Class-based queuing

Class-based queuing allows a greater degree of control than PRIQ does. CBQ groups traffic into different classes, and gives each class a percentage of total bandwidth. This grouping of classes has a hierarchy, with classes further being divided into sub-classes. As with PRIQ, we can use many different criteria for classifying traffic. We can classify traffic based on protocol, the application used, the IP address of the source, and so on. CBQ operates at the IP network layer (Layer 3 of the OSI model). In addition, CBQ is in the public domain.

With CBQ, classes are allocated a certain amount of bandwidth. Packets in each class are processed until the bandwidth limit for the class is reached. With this system, even low-priority packets that would be starved of bandwidth in PRIQ receive some bandwidth. The first goal of CBQ is quantitative bandwidth sharing—every class should get some bandwidth. A secondary goal, however, is that when a class is not using all of its bandwidth, allocation of this excess bandwidth should not be arbitrary. On the contrary, the distribution of this bandwidth should follow set guidelines.

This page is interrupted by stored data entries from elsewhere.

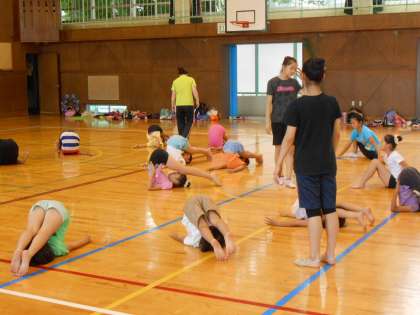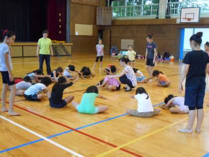 体育館では、「新体操にチャレンジ!」が行われました。色とりどりの衣装をつけた新体操部を中心に、参加者も新体操にチャレンジしました。
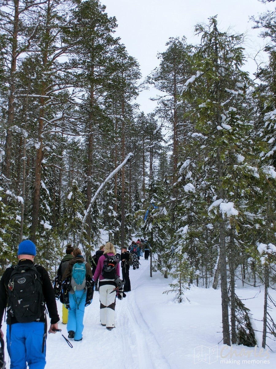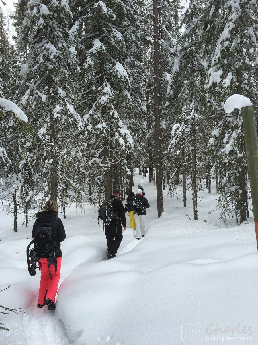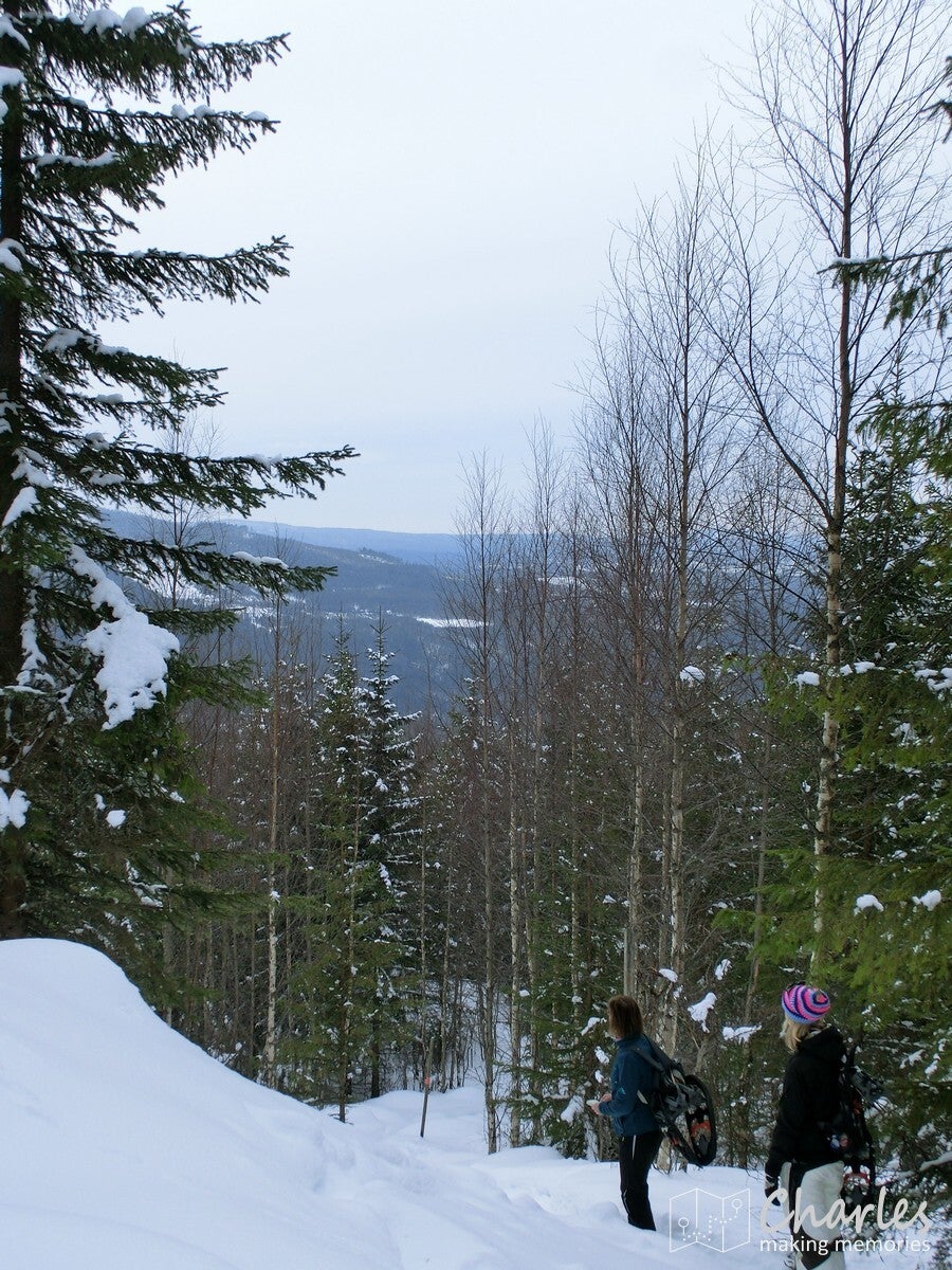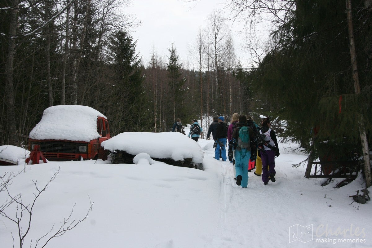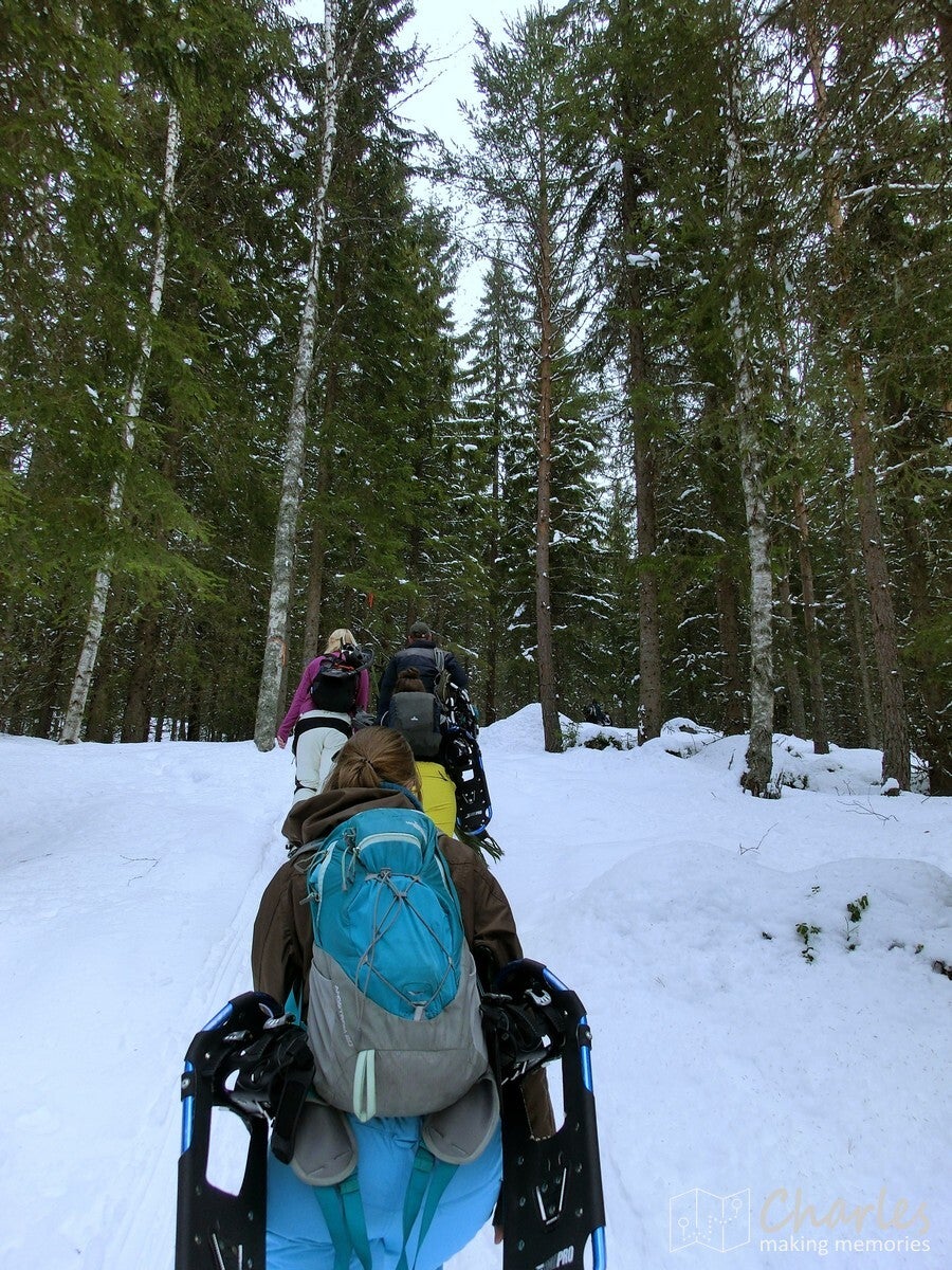 De wandeling startte vanaf het landhuis, geen transfer met de busjes dus. En het was ook niet echt nodig, want vanaf hier liep je zo de beboste heuvels in. Even de weg oversteken en we begonnen aan een klim. De sneeuwrackets waren hier nog niet nodig, want het ging hier om een smalle weg die nog wel regelmatig bereden werd. De eerste twee kilometer kwamen we ook nog her en der wel een huisje tegen. Op één plek vielen de ingesneeuwde autowrakken op, het naastgelegen huis zag er ook niet veel beter uit. Daarna was het vooral natuur. De wegen werden smalle paden, de sneeuw werd ook wat dieper. Uiteraard was dat ook het sein om elkaar regelmatig met sneeuwballen te bekogelen, sneeuwengelen te maken en af en toe aan een besneeuwde tak te schudden. Pure sneeuwpret dus.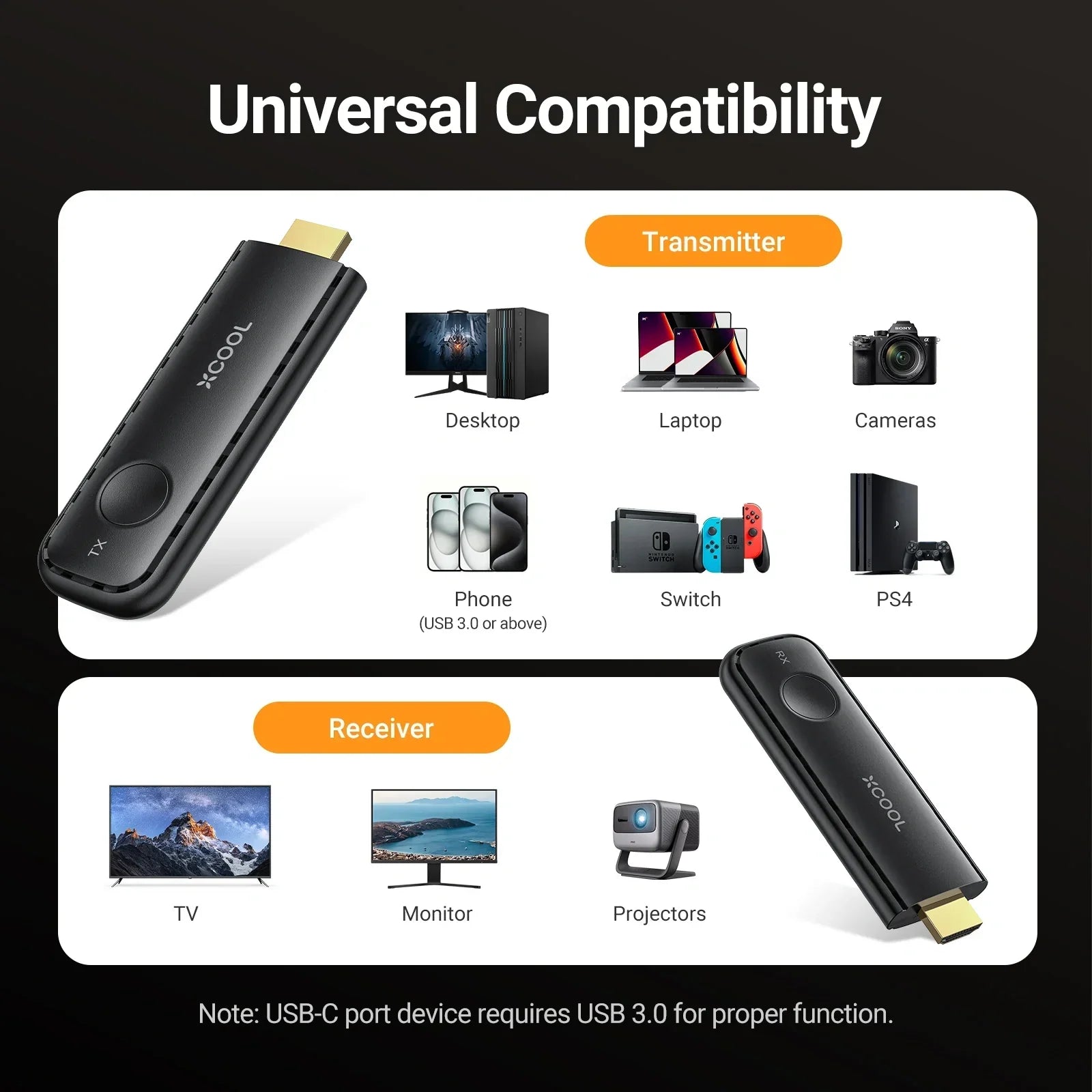 The wireless transmitter and receiver, casting device for TV/monitor, supports the transmission of high-definition video and audio for a crisp and clear viewing experience. Thanks to its plug-and-play design, setup is quick and easy, making it suitable for both home entertainment and professional presentations. The compact size and strong signal range offer flexibility so you can enjoy seamless connectivity anywhere in the room.
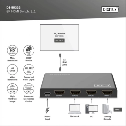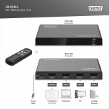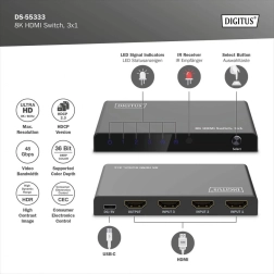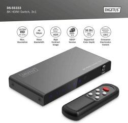 Elegantni i kompaktni DIGITUS 3×1 HDMI preklopnik omogućuje povezivanje do tri HDMI izvora na jedan zaslon. Idealan za TV na zidu, igraće konzole, reproduktore ili računala – dovoljan je jedan HDMI kabel do zaslona, a između izvora prebacujete daljinski.

To illustrate how PRIQ and CBQ would work in practice, consider a small college that has 1.5 Gbps of download bandwidth and 500 Mbps of upload bandwidth. They also have four networks: one for administration, one for faculty, one for students, and a DMZ for a web server and other resources that need to be made available to the public. It is decided that two-thirds of the download bandwidth and half the upload bandwidth should go to the administration and faculty networks. In addition, 60% of this share of the bandwidth is allotted to the faculty network. Thus, faculty should get 600 Mbps of download bandwidth and 150 Mbps of upload bandwidth, administration should get 400 Mbps of download bandwidth and 100 Mbps of upload bandwidth, with the remainder allocated to the students and the DMZ.

PRIQ does not give us a means of guaranteeing that the administration and faculty receive a fixed share of bandwidth. We could assign higher priority levels to the faculty and administration networks, so that faculty has a higher priority than administration, which, in turn, has a higher priority than students and the DMZ. However, this could result in the students and the DMZ being starved of bandwidth, as a packet from either the faculty or administration networks will always win out over one from the students or DMZ networks.

CBQ solves all of that. Each of the subnets can be assigned a percentage of the total bandwidth. Moreover, we can arrange the classes in a hierarchical manner, with faculty and administration occupying a higher level on the hierarchy of classes, and with the faculty being assigned a greater portion of the shared bandwidth.